Amidst multiple cost cutting measures, Disney is gearing up to increase its content spending budget for 2023. According to Ampere Analysis, Disney is expected to earmark $10.5 billion for original content, more than 20 other companies the media analyst firm included in its January report.
Other companies noted by the Ampere Analysis report include Warners Bros. Discovery, expected to spend $9.5 billion on original content, beating out Paramount, Comcast, and Netflix.
An increase in subscription video-on-demand (SVOD) numbers was the primary contributor to a 6 percent global spend in 2022, totaling $238 billion. However, this year Ampere predicts global content expenditure to grow by only 2 percent year-on-year. This is the slowest growth rate companies have seen in over ten years, sans 2020 when numbers shot up.

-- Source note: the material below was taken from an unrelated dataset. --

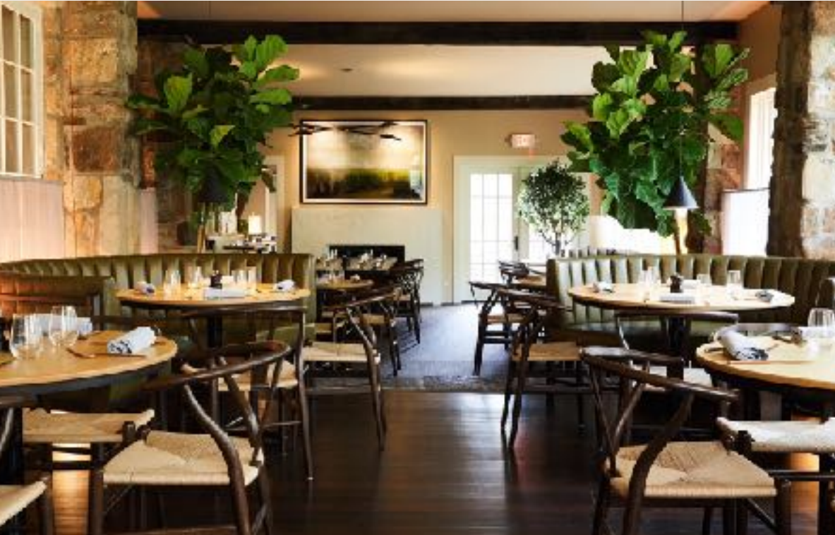
Troutbeck | Amenia, New York

Traditional linear broadcasting has steadily seen declining numbers as more people cut the cable cord and switch exclusively to streaming platforms. Ampere predicts broadcast television content investment spends will decrease by 3 percent this year.

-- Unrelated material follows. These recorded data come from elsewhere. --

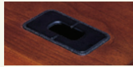
C65 1/2 Rectangular Black Grommet

solid zinc casting with matte black powder-coated finish.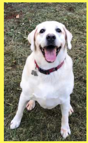
A long distance blessing was performed for Bo on June 29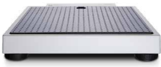
The flat design and slip-proof surface ensure easy access and a secure stance.

In the report, Ampere Analysis Research Manager Hannah Walsh said:
“SVoD services will still see an increase in total content investment in 2023 but a lesser 8 percent year-on-year growth compared to 25 percent in 2022. Services will continue to focus on original content to compete in a crowded, cost-sensitive market, but we are already seeing a shift in content commissioning to incorporate a greater volume of cheaper unscripted formats.”

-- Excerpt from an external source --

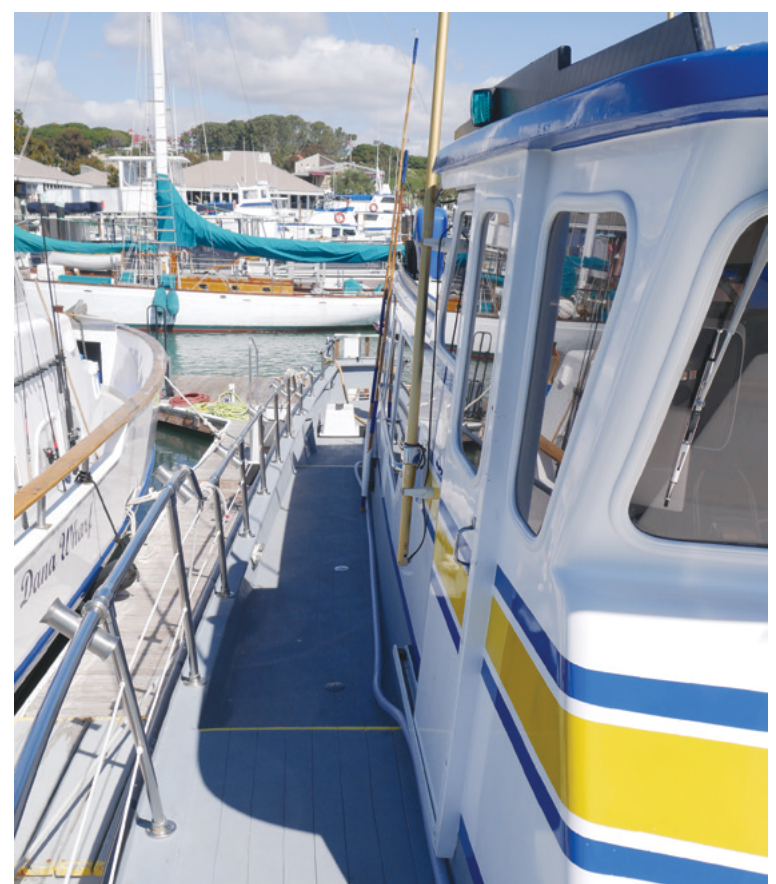
MOVING FROM BOW TO STERN is a piece of cake on the New San Mateo, especially since she's typically only going to have a dozen anglers on deck.

Unscripted programming is expected to take on the bulk of new entertainment options as the writers’ strike continues, ceasing the creation of all new content and even pitches until negotiations are settled.
Sources report Disney is continuing to drive up subscription numbers for Disney+ by “refreshing their streaming strategy.” Changes include expanding its content collection to include Doctor Who and launching a new ad-supported tier plan last December. As for what new original content Disney is planning to release, there is no word yet on what is in store.